Ownby regards this as the basis for Falun Gong's apparent "opposition to practitioners' taking medicine when ill; they are missing an opportunity to work off karma by allowing an illness to run its course (suffering depletes karma) or to fight the illness through cultivation." Penny shares this interpretation. Since Li believes that "karma is the primary factor that causes sickness in people", Penny asks: "if disease comes from karma and karma can be eradicated through cultivation of xinxing, then what good will medicine do?" Li himself states that he is not forbidding practitioners from taking medicine, maintaining that "What I'm doing is telling people the relationship between practicing cultivation and medicine-taking". Li also states that "An everyday person needs to take medicine when he gets sick." Schechter quotes a Falun Gong student who says "It is always an individual choice whether one should take medicine or not."

Controversies

Li Hongzhi's conservative moral teachings have caused some concern in the West, including his views on homosexuality, democracy and science. In light of Li's teachings on homosexuality as immoral, a nomination of Li for the Nobel Peace Prize by San Francisco legislators was withdrawn in 2001. In discussing the portrayal of Falun Gong as "anti-gay", Ethan Gutmann stated without citing any sources that Falun Gong's teachings are "essentially indistinguishable" from traditional religions such as Christianity, Islam, and Buddhism. Some journalists have also expressed concern over Falun Gong's teachings on the children of interracial marriages. Falun Gong's cosmology includes the belief that different ethnicities each have a correspondence to their own heavens, and that individuals of mixed race lose some aspect of this connection. Concern stems from a statement of Li's identifying such children as products of "a chaotic situation brought about by mankind" indicative of "the Dharma-ending period". The Falun Dafa Information Center stated that this aspect of the practice's cosmology "in no way amounts to an endorsement of racial purity", adding that many Falun Gong practitioners have interracial children.
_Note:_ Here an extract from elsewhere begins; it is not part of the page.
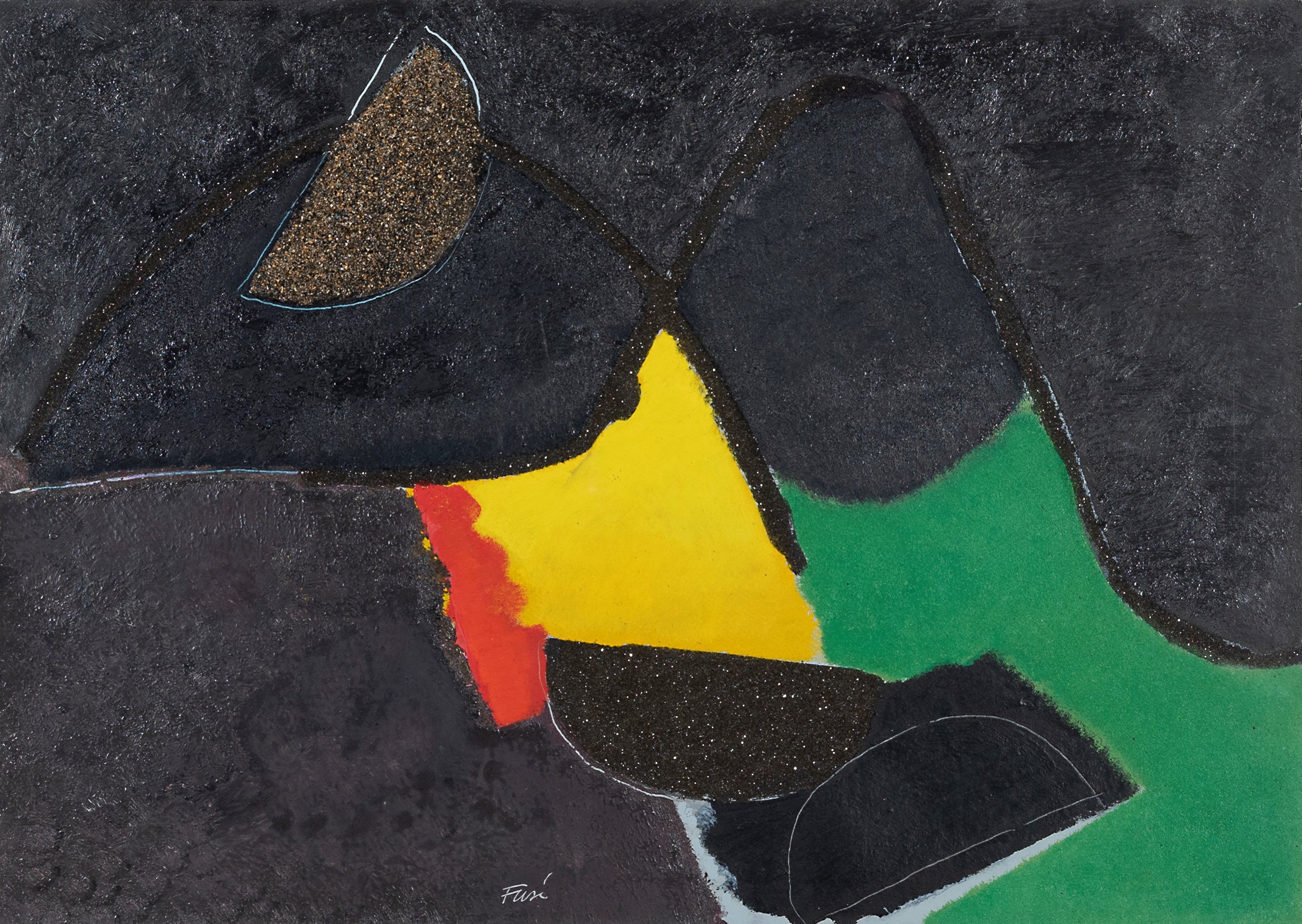 olio, tecnica mista e sabbia su cartoncino, cm. 50x70

Opinions among scholars differ as to whether Falun Gong contains an apocalyptic message, and if so what the consequences of that are. Li situates his teaching of Falun Gong amidst the "Dharma-ending period" (末法), described in Buddhist scriptures as an era of moral decline when the teachings of Buddhism would need to be renewed. Richard Gunde, Assistant Director of the Center for Chinese Studies at UCLA, argued that Falun Gong is unlike western cults that fixate on death and Armageddon, but merely promises its followers a long and healthy life. "Falun Gong has a simple, innocuous ethical message," Gunde says, "and its leader, Li Hongzhi, despite his unusual, if not bizarre, statements, is in many ways simple and low key."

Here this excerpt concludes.